I think the solvency risk of the shops offering these products is just coming into focus. We just don't have enough data being that most offerings started post '08.

Credit Suisse has so far combated on the lawsuits for the blow up of XIV. So if you do blow up your account, it sounds like there's no recourse through the courts. However, I do remember CS share price dropping 6% or so the day after XIV cratered. It then rebounded on news that their losses were fully hedged against the positions.

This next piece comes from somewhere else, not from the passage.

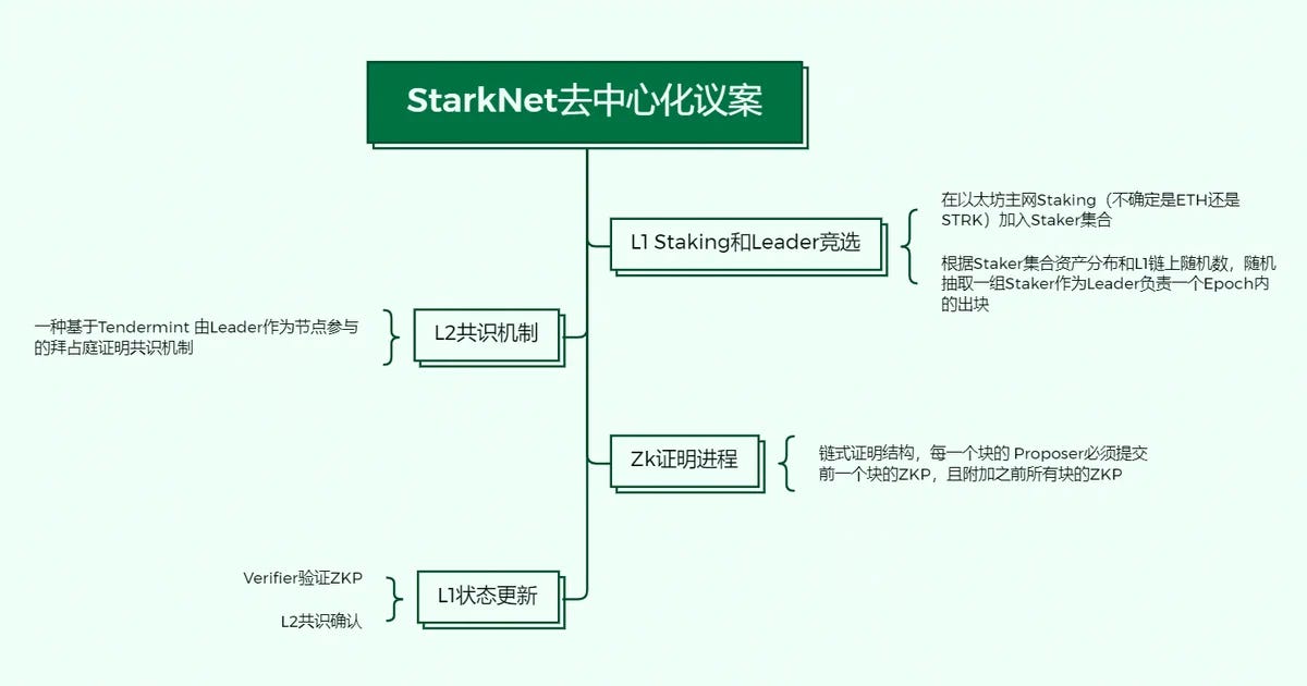为解决这个问题,「简单去中心化协议」给出如下方案:1)L1 Staking 和 Leader 竞选,社区成员可以无许可地在以太坊主网 Staking(不确定是 ETH 还是 STRK),以加入 Staker 集合,根据 Staker 集合资产分布和 L1 链上随机数,随机抽取一组 Staker 作为 Leader 负责一个 Epoch 内的出块;2)L2 共识机制,StarkNet L2 的共识机制,是一种基于 Tendermint 的、由 Leader 作为节点参与的拜占庭证明共识机制,共识确认之后,由 Voter(参与 P2P、验证和投票)执行,由 Proposer(构建区块)调用 Prover 生成 ZKP。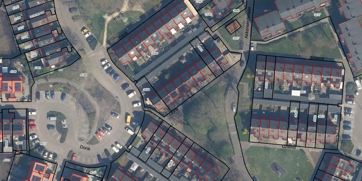 Het perceel waarop Donk 13 staat heeft een oppervlakte van 2259 m². Dit is een zeer groot perceel. De perceeloppervlakte wordt geregistreerd door het Kadaster. Gedetailleerde informatie over de maten van dit perceel kunt u vinden in het rapport Kadastrale kaart met maatvoering van Donk 13.

If you're not into Hedgefundie's wild ride, you can look at PSLDX or NTSX. I think NTSX is pretty neat as it's founded in the traditional 60/40, but 1.5x both sides. For the equity side, it goes 90% of straight holding while the bond side leverages on a ladder of treasuries. In the end, you end up with a 90/60 fund that's intuitive to the average investor.
Thanks for the reply.

NTSX is very intriguing.

PSLDX looks like a lot of volatility with sub-par gains. Am I missing something there?

For the masses, I'm currently experimenting with a small bucket of three leveraged funds.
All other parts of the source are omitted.